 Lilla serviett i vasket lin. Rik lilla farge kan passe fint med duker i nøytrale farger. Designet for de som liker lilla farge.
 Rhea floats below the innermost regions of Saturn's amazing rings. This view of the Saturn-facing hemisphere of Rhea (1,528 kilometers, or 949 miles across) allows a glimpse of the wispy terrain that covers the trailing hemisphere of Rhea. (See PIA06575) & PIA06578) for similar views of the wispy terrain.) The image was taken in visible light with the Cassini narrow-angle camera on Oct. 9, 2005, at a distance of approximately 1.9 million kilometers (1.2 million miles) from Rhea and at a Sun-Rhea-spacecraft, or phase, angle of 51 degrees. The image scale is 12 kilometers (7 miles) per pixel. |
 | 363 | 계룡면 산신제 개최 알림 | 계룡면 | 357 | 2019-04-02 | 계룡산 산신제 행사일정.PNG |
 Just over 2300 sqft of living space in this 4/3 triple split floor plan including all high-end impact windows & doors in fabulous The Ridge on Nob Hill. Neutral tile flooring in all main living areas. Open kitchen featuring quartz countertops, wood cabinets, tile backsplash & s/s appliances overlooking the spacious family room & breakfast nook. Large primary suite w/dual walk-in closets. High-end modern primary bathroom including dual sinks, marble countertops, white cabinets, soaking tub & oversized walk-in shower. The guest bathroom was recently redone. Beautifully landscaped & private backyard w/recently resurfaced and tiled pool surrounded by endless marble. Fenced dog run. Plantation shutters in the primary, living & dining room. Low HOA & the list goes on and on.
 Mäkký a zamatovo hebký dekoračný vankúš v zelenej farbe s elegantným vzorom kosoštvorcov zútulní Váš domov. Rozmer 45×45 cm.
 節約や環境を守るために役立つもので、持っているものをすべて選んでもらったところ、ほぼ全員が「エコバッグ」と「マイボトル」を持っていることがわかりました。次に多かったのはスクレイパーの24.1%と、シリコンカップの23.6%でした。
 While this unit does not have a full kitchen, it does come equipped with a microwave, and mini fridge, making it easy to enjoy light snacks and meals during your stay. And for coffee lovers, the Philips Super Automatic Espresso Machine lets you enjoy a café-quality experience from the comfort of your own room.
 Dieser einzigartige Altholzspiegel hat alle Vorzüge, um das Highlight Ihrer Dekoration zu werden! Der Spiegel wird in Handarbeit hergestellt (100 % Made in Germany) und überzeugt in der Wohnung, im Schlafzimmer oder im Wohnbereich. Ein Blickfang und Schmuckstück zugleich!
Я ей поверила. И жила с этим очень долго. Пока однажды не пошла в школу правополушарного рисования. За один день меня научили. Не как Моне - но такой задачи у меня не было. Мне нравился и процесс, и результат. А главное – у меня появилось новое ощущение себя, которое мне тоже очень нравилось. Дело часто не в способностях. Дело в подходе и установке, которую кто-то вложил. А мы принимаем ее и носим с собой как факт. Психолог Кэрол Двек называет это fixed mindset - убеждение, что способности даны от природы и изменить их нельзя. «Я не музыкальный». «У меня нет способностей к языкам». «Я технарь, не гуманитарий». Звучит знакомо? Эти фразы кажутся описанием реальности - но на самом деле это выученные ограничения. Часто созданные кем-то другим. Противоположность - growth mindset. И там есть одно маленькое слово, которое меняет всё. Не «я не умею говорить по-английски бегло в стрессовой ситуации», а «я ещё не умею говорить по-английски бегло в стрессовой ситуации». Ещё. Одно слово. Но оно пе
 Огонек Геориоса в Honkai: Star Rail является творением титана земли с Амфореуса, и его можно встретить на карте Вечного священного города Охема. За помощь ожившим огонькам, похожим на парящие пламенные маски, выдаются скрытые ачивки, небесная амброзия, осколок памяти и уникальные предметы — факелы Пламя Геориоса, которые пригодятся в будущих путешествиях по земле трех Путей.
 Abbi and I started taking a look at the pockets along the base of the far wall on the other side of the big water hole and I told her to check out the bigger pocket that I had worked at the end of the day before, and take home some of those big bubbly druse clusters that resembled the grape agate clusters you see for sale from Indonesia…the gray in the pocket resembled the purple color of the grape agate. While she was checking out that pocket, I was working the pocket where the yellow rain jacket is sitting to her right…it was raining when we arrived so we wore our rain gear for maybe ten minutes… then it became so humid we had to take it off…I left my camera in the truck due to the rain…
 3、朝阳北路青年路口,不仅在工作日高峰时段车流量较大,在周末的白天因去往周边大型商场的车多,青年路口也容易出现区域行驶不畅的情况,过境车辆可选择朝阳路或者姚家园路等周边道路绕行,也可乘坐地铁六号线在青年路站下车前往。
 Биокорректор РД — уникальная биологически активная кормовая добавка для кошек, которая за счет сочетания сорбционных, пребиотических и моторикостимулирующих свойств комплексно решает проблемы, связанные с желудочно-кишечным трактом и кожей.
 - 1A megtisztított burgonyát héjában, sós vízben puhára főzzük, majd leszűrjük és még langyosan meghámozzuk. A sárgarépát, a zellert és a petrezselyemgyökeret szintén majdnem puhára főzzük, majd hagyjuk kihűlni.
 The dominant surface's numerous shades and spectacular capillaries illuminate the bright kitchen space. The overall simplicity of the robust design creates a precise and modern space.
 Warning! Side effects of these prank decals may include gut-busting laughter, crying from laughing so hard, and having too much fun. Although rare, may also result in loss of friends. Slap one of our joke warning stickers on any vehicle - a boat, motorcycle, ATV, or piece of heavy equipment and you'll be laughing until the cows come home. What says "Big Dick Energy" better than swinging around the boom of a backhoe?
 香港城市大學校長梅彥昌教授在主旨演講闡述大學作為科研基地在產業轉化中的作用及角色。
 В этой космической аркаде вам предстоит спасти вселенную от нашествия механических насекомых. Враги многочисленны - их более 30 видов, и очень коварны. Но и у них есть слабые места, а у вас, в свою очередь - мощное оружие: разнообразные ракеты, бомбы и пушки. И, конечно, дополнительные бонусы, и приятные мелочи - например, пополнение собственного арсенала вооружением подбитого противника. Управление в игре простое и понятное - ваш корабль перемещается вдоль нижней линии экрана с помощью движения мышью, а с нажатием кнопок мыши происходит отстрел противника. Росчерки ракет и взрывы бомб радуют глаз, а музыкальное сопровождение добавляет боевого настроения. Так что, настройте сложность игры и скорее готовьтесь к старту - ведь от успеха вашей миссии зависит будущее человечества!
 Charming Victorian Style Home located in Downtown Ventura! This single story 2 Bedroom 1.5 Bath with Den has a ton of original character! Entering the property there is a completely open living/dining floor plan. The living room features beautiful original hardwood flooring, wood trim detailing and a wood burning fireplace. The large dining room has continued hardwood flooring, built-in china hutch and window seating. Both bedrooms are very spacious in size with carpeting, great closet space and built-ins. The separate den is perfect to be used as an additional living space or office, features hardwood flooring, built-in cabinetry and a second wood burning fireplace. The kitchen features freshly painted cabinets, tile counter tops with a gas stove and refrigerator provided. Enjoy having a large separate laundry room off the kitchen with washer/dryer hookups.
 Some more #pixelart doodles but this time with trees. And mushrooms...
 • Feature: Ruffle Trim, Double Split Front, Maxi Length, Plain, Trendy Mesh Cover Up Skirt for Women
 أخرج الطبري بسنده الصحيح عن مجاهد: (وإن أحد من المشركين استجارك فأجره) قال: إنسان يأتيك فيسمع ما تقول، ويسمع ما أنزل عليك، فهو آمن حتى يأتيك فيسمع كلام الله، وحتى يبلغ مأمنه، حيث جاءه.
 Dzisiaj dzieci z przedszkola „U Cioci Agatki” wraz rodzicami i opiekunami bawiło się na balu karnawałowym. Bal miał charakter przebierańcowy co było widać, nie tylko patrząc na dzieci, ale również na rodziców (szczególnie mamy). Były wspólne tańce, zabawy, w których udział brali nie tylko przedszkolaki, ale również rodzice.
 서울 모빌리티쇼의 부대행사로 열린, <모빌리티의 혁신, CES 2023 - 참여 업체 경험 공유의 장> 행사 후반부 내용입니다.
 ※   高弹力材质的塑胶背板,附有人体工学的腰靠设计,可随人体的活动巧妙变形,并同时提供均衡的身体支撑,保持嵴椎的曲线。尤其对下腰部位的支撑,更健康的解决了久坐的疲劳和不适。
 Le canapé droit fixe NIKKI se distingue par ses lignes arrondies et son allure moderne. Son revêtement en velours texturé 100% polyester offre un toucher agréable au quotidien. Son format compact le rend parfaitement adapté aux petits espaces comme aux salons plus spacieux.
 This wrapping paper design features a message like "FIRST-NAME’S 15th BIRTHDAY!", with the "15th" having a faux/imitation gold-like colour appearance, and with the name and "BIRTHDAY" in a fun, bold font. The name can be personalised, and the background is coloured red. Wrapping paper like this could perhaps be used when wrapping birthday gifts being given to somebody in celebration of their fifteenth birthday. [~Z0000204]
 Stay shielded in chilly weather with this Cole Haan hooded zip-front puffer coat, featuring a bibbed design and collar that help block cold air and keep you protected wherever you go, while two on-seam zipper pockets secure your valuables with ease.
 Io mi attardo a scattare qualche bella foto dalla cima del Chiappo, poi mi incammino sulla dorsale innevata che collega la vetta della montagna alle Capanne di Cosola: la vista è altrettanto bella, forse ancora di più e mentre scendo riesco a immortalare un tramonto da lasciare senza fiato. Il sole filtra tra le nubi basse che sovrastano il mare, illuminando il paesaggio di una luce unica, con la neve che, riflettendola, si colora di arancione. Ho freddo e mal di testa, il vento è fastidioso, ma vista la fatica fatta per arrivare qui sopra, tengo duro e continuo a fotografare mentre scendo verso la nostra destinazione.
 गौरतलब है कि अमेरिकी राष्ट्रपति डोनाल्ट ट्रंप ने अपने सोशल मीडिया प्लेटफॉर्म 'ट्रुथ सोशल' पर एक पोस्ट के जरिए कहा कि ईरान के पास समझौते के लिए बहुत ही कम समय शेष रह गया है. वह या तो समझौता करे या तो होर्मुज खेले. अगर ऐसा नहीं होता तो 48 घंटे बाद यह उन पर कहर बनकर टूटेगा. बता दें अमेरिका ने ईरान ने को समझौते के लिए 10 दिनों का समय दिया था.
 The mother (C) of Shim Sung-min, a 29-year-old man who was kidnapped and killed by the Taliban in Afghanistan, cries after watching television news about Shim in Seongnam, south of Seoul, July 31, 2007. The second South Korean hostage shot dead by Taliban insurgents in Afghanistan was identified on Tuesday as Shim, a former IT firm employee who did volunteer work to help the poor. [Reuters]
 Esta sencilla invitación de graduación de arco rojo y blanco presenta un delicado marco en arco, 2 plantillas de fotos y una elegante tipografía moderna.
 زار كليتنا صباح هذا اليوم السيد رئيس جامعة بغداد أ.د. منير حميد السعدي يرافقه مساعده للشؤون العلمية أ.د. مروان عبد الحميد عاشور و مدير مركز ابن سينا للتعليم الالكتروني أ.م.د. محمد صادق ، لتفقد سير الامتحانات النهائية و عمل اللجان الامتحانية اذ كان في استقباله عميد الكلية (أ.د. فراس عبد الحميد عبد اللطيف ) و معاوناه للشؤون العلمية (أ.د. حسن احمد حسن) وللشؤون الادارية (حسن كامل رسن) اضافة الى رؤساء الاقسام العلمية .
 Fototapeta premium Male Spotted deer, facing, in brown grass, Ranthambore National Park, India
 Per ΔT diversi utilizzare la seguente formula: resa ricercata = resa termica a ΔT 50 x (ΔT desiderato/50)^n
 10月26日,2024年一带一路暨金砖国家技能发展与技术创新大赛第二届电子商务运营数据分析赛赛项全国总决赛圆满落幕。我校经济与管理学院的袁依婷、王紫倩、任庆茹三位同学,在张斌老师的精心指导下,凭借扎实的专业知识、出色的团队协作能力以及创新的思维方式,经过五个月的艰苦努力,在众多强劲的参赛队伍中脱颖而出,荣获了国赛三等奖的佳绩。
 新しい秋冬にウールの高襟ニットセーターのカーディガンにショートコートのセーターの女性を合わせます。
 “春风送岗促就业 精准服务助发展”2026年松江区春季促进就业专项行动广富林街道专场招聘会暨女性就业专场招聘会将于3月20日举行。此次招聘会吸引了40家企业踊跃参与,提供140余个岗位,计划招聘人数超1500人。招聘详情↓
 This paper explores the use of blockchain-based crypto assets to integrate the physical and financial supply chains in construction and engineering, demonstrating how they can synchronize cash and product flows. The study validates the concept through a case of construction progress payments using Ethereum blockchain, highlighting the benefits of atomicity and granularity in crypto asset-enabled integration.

• Problem description: Begin with the first line of the data above and, please, print each line exactly until you have printed the line containing "산신제 행사일정.PNG |"; print nothing else.

• Written response:
 Lilla serviett i vasket lin. Rik lilla farge kan passe fint med duker i nøytrale farger. Designet for de som liker lilla farge.
 Rhea floats below the innermost regions of Saturn's amazing rings. This view of the Saturn-facing hemisphere of Rhea (1,528 kilometers, or 949 miles across) allows a glimpse of the wispy terrain that covers the trailing hemisphere of Rhea. (See PIA06575) & PIA06578) for similar views of the wispy terrain.) The image was taken in visible light with the Cassini narrow-angle camera on Oct. 9, 2005, at a distance of approximately 1.9 million kilometers (1.2 million miles) from Rhea and at a Sun-Rhea-spacecraft, or phase, angle of 51 degrees. The image scale is 12 kilometers (7 miles) per pixel. |
 | 363 | 계룡면 산신제 개최 알림 | 계룡면 | 357 | 2019-04-02 | 계룡산 산신제 행사일정.PNG |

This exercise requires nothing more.